**Requirement**
If pictures appear among the lines below, leave them out while you return exactly the lines from the one with "They also met" through the one with "नवनिर्वाचित मुख्यमंत्री और".

**Records supplied**
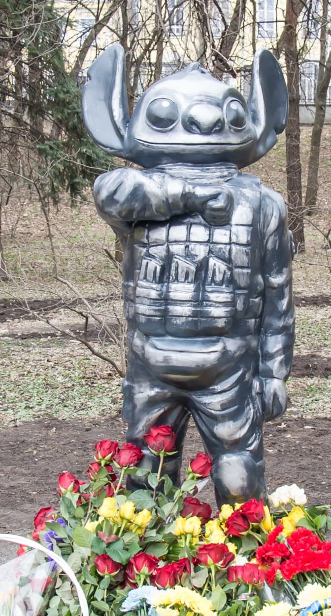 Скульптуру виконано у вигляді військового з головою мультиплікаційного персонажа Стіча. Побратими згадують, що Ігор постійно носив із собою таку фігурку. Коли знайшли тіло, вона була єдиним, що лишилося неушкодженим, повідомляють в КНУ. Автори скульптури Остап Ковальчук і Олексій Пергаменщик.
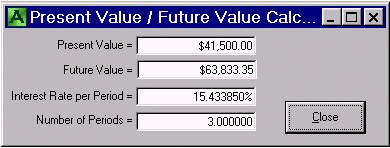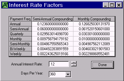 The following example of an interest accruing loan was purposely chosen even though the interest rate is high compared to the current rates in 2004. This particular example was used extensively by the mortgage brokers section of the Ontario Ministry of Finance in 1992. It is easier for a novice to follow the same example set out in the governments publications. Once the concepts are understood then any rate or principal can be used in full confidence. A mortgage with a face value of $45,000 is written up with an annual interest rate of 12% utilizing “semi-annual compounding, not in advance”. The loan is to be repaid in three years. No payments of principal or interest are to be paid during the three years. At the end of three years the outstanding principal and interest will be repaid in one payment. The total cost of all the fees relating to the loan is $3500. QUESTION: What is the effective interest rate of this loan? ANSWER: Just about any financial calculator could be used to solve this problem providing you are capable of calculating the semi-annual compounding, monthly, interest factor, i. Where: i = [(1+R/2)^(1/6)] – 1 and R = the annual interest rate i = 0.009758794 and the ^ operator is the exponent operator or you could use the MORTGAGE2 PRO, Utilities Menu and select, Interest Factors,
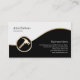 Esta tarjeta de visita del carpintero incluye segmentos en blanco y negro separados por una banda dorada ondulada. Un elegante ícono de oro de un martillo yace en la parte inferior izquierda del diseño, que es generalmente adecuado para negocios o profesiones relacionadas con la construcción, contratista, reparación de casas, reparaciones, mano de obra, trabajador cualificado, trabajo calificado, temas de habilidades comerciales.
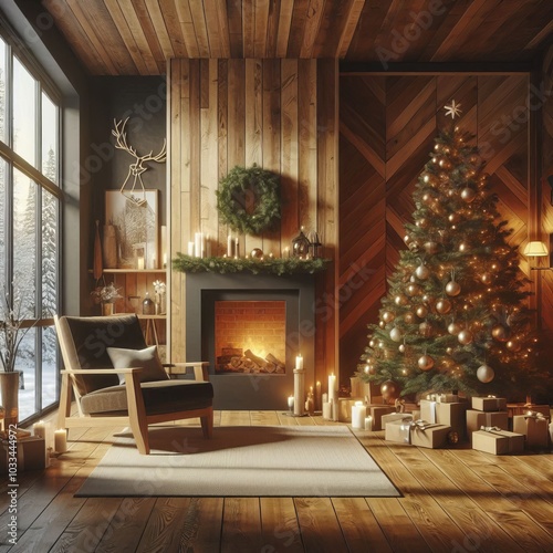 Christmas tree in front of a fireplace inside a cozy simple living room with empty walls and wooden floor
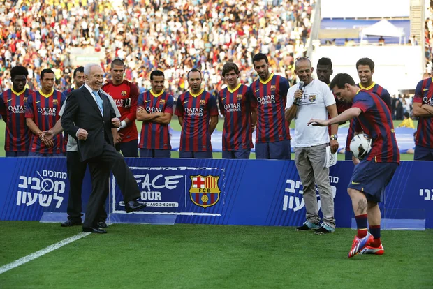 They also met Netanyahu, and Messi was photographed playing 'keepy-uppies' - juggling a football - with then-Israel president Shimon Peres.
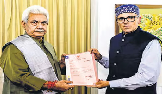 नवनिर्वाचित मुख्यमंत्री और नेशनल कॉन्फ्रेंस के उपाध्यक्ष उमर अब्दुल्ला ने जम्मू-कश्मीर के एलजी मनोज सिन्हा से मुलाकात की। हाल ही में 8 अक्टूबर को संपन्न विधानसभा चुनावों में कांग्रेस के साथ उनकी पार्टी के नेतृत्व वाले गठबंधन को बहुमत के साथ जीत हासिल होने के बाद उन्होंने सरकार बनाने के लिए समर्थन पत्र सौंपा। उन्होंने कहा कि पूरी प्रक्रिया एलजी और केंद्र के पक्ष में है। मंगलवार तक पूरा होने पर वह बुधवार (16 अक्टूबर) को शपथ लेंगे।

...

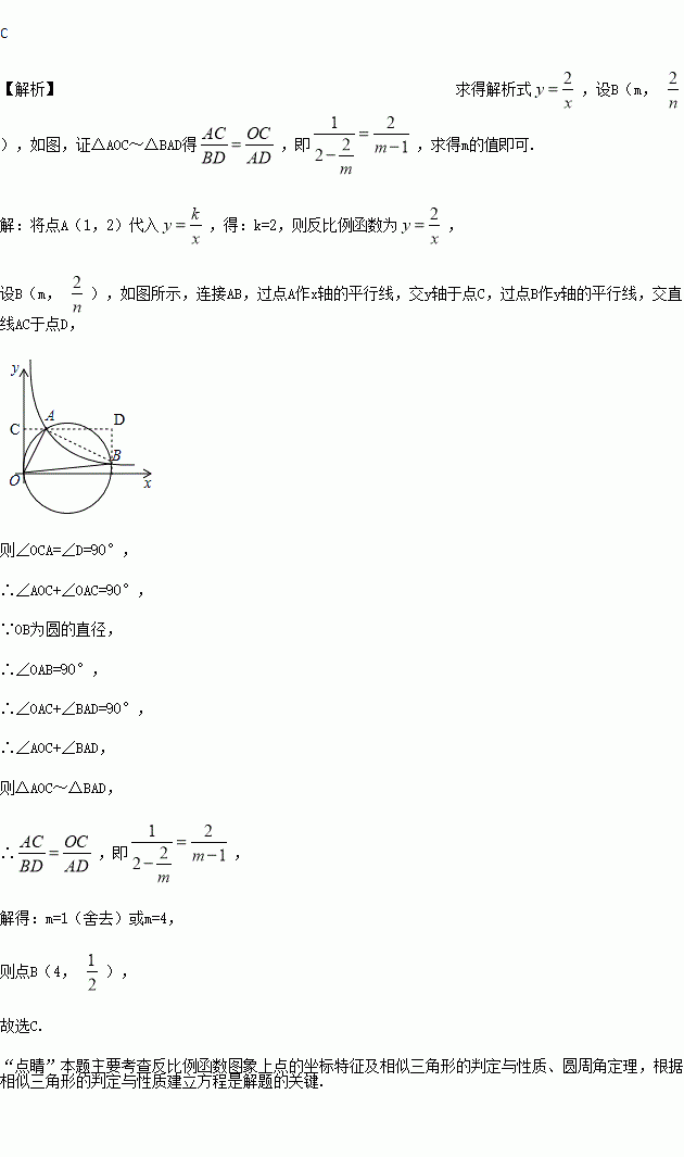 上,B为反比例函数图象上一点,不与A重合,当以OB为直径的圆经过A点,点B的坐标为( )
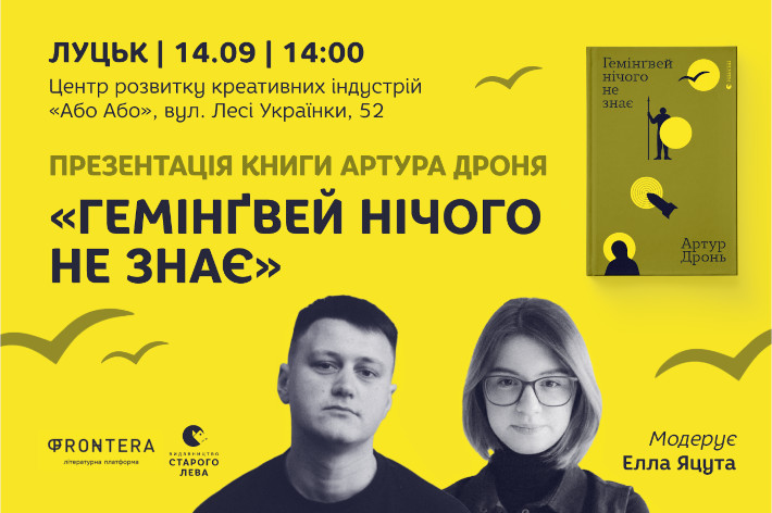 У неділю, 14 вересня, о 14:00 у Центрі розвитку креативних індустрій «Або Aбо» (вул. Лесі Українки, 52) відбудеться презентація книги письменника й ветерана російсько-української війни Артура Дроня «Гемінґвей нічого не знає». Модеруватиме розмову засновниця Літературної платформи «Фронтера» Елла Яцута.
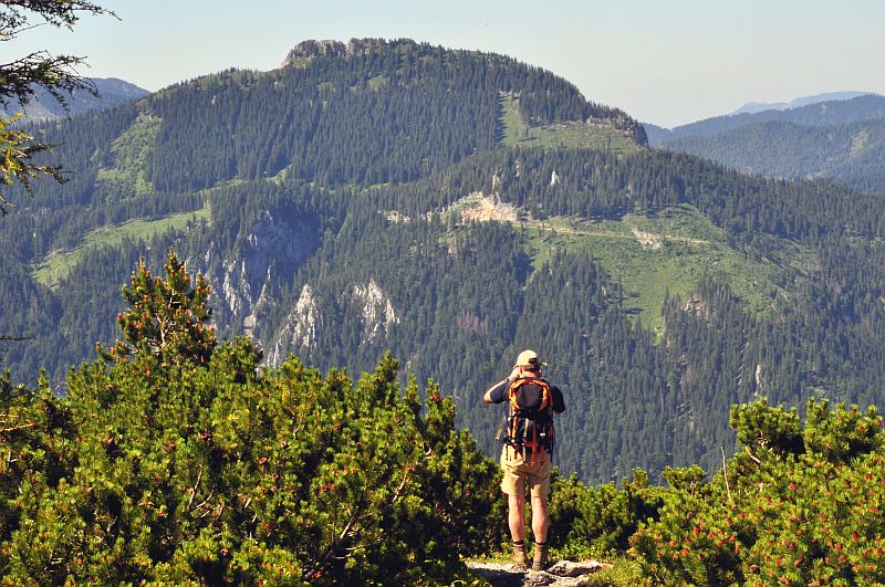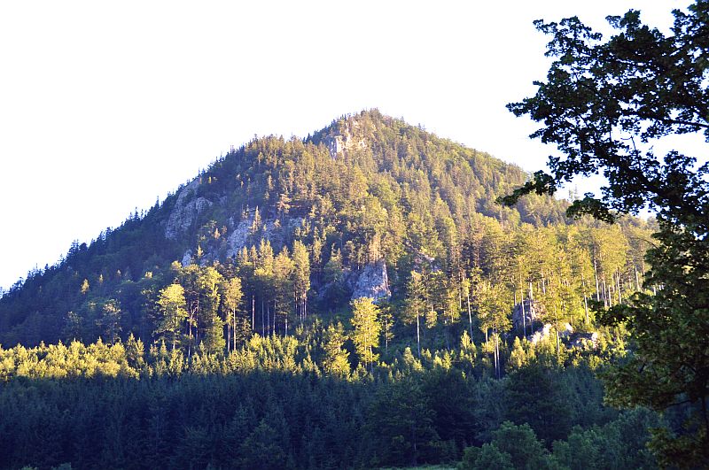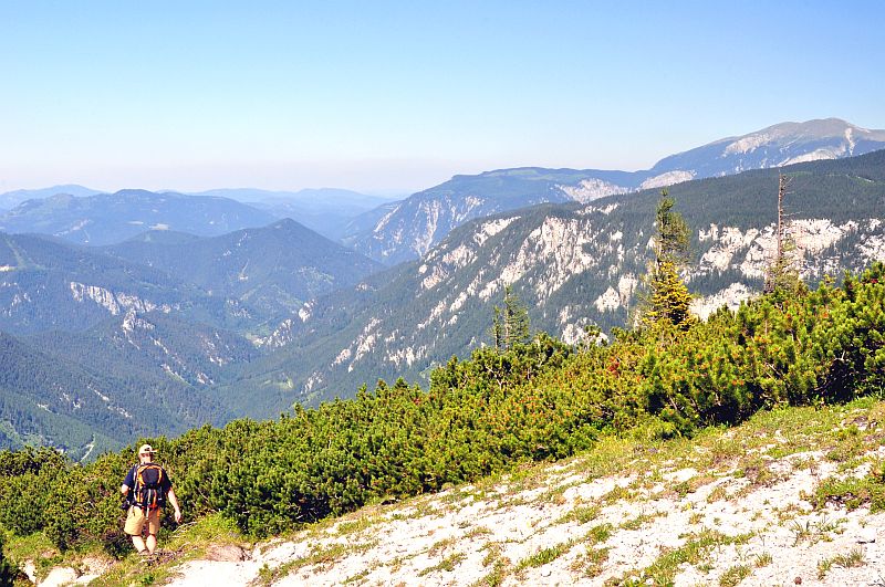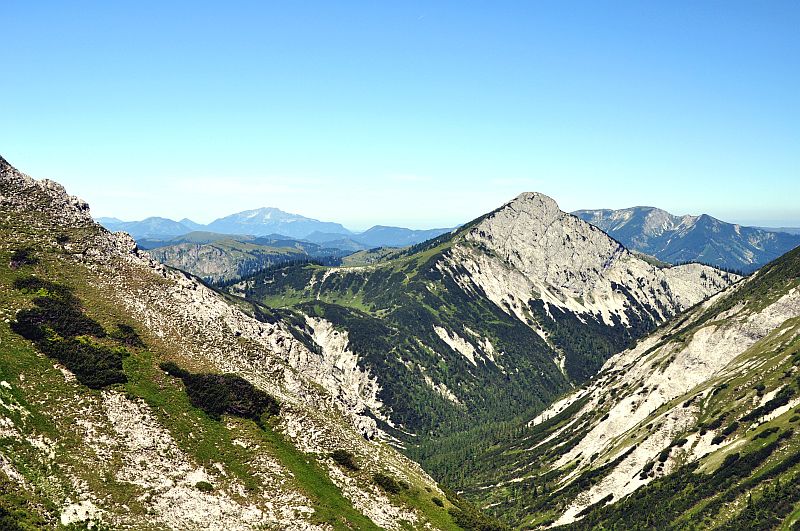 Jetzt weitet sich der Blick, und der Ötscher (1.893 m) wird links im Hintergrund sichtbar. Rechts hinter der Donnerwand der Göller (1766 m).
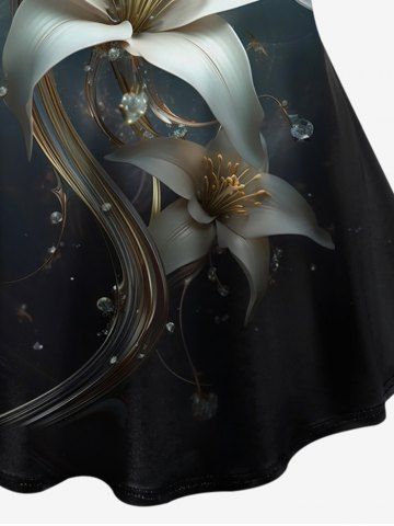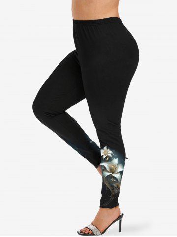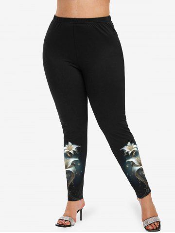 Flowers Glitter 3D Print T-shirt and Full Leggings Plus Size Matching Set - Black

**Answer to this problem**
 They also met Netanyahu, and Messi was photographed playing 'keepy-uppies' - juggling a football - with then-Israel president Shimon Peres.
 नवनिर्वाचित मुख्यमंत्री और नेशनल कॉन्फ्रेंस के उपाध्यक्ष उमर अब्दुल्ला ने जम्मू-कश्मीर के एलजी मनोज सिन्हा से मुलाकात की। हाल ही में 8 अक्टूबर को संपन्न विधानसभा चुनावों में कांग्रेस के साथ उनकी पार्टी के नेतृत्व वाले गठबंधन को बहुमत के साथ जीत हासिल होने के बाद उन्होंने सरकार बनाने के लिए समर्थन पत्र सौंपा। उन्होंने कहा कि पूरी प्रक्रिया एलजी और केंद्र के पक्ष में है। मंगलवार तक पूरा होने पर वह बुधवार (16 अक्टूबर) को शपथ लेंगे।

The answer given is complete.